1. Expertise Determination Section
This section focuses on understanding the research strengths of institutions in different thematic areas.
- Data Collection: The process begins by collecting data, primarily author keywords (DE field in WoS) and citation counts (Z9 field), from reputed online databases like Web of Science (WoS). The case paper uses data from 195 Indian institutions in the field of Computer Science over the period 2010-2019, filtering institutions with at least 25 publications.

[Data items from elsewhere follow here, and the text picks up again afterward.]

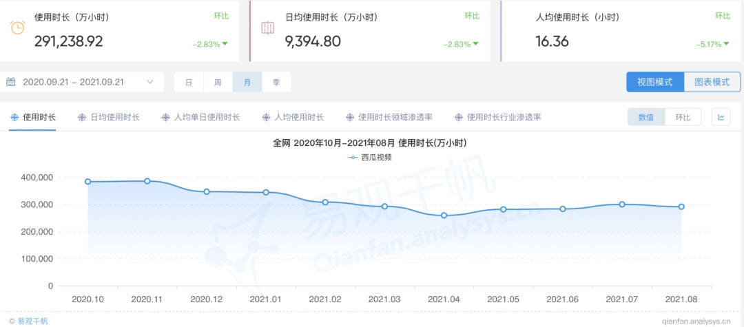 目前,西瓜视频官方未公布用户、用户使用时长等数据。但根据易观千帆数据,从西瓜视频近一年的数据来看,除了用户量,其在用户使用时长,包含日均使用时长、人均使用时长在内,以及启动次数上,均有下跌趋势。尤其是人均使用时长,由2020年10月的一个月24.89小时,到2021年8月,直降到16.36小时,降幅达34%。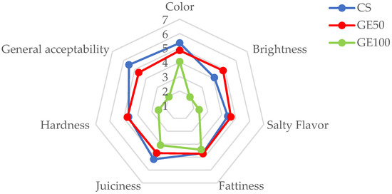 Texture (Table 3) is another very important factor for consumers in reference to meat products. The backfat replacement with GE had no effect (p < 0.05) on springiness and cohesiveness. For these parameters, no statistical differences were found between CS and GE50 and GE100. However, the replacement of fat with GE in sausage formulation produced a significant decrease (p < 0.05) in the hardness of the samples which was dependent on the replacement degree. The higher the substitution, the lower the hardness. These results were opposite to those reported by Pintado et al. [2] and Nacak et al. [9], who mentioned that sausages increased in hardness when fat replacement with gelled emulsion was increased, due to lipid–protein interactions.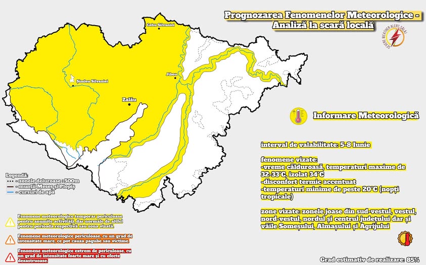 Începând de joi și până duminică, inclusiv, în zonele joase din vestul, nordul și centrul județului, dar și văile principale din estul județului (Someșului, Almașului și Agrijului) vremea va fi călduroasă, cu temperaturi maxime de 32-33°C, izolat 34°C (posibil cu totul izolat chiar 35°C, Duminică, în zonele joase din vestul județului).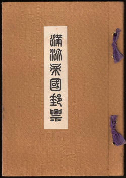 Cover and Contents of Special Presentation Booklet (Type A - see below). This was the first in a series of presentation and souvenir booklets in this format. They are made from a single sheet of folded card which, when opened, shows the stamps on the left and a description on the right. An article published in Japanese Philately "Manchukuo" Souvenir Folders by Robert H. Spalding Jn. (Vol 8, No 6 Page 122) explains that there were two versions of some folders. Type A. with the characters 敬贈 (jìngzèng) on the cover, meaning presentation or with compliments, these were used as official gifts and Type B, produced without these characters. The above is only available in Type A. The Type B folders were supplied as free gifts to customers ordering supplies of stamps by mail from the Hsinking Central Postal Services Bureau, (later known as the Manchukuo Communications Association). All of the sample commemorative cancellations reproduced in these folders show the Hsinking town name. Type B folders had the name of the issue on the front cover but not the characters 敬贈. The article goes on to add that Type B folders could also be used for presentation with the addition of a slip of paper printed with 敬贈, effectively a compliments slip. On the basis of the folders in this collection it seems that Type A is the most common.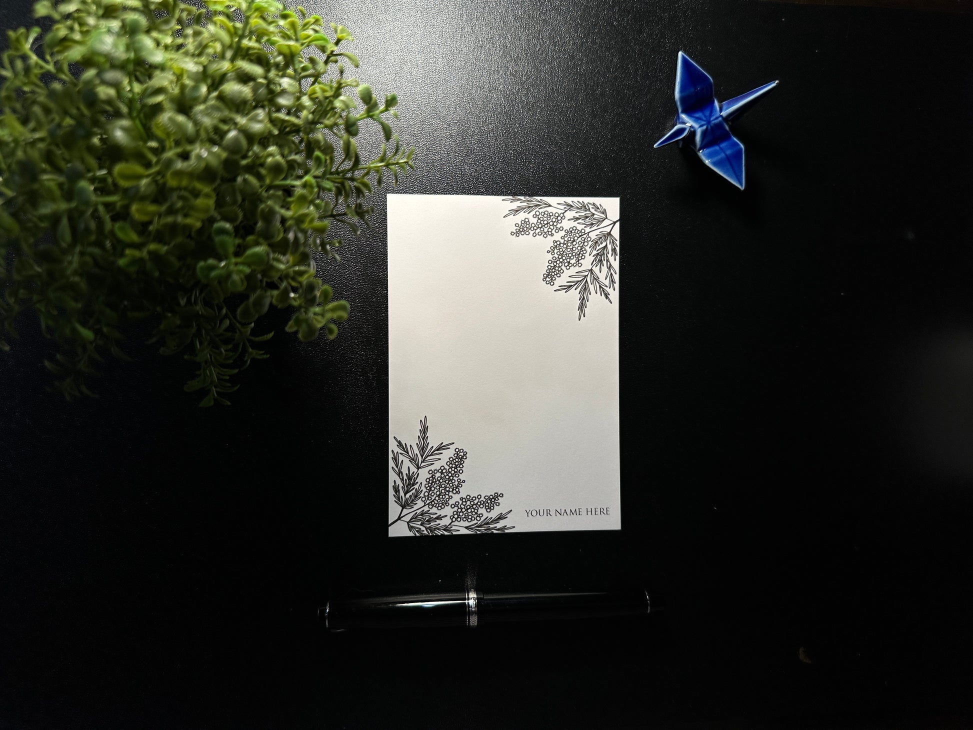 We use off-white paper for our notepads that is smooth. Our notepads are made from FSC Certified paper and are fountain pen friendly too! We use a thickness of at least 100gsm for our pads.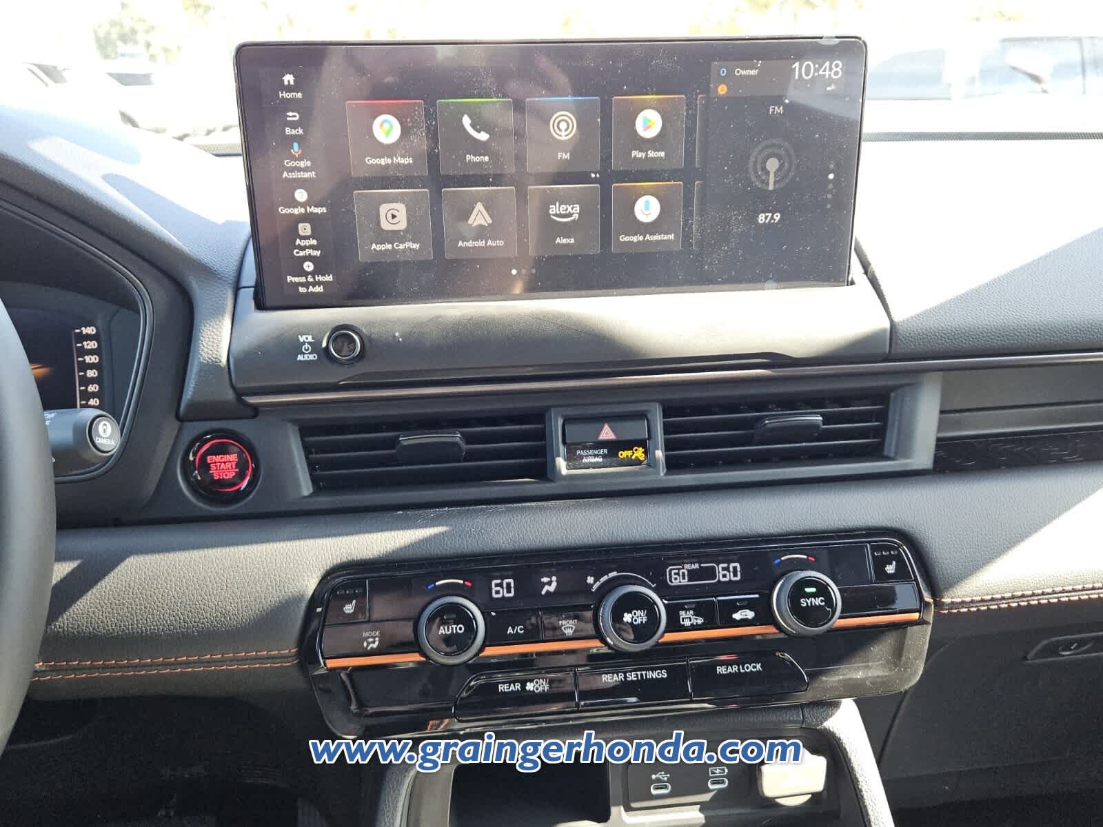 Third Row Seat, Navigation, Moonroof. Rear Spoiler, MP3 Player, All Wheel Drive, Onboard Communications System, Aluminum Wheels, Remote Trunk Release, Privacy Glass. Honda TrailSport with Smoke Blue Pearl exterior and Black w/ Orange Stitching interior features a V6 Cylinder Engine with 285 HP at 6100 RPM*.
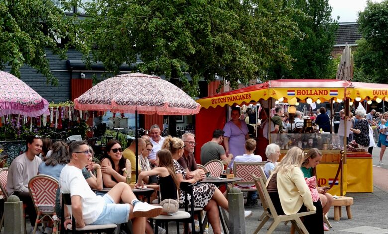 Bij de bekende poffertjeskraam was het een drukte van belang. Vele poffertjesliefhebbers ploften neer op het naastgelegen terras. “Dat terras is eigenlijk van de lunchroom naast ons,” vertelt de poffertjesdame terwijl ze beslag uitsmeert. “Maar mensen mogen daar gerust onze poffertjes eten. Ik zeg dan altijd: ‘Neem dan ook even een drankje bij de buurman.”

- Data Pre-processing using NLP Module: Author keywords are used to represent thematic areas, but raw keywords can be generic, too fine-grained, or have variations (plural/singular). A multi-layered NLP module is employed to address these issues:
- A Word2Vec model, trained on a domain-specific corpus (Semantic Scholar Open Research Corpus subset), is used to find semantically similar keywords. For each author keyword, the top 5 most similar keywords are found. The most frequent keyword among the original and its 5 similar keywords replaces the original keyword. This helps group fine-grained terms under more general thematic areas (e.g., 'Hierarchical Clustering' might be replaced by 'Clustering').
- A second layer uses Levenshtein distance to identify and replace plural forms with singular forms where the difference is only a trailing 's' (e.g., 'Algorithms' -> 'Algorithm'). More complex pluralizations are expected to be handled by the Word2Vec layer. The output is a set of NLP-processed author keywords, K(A).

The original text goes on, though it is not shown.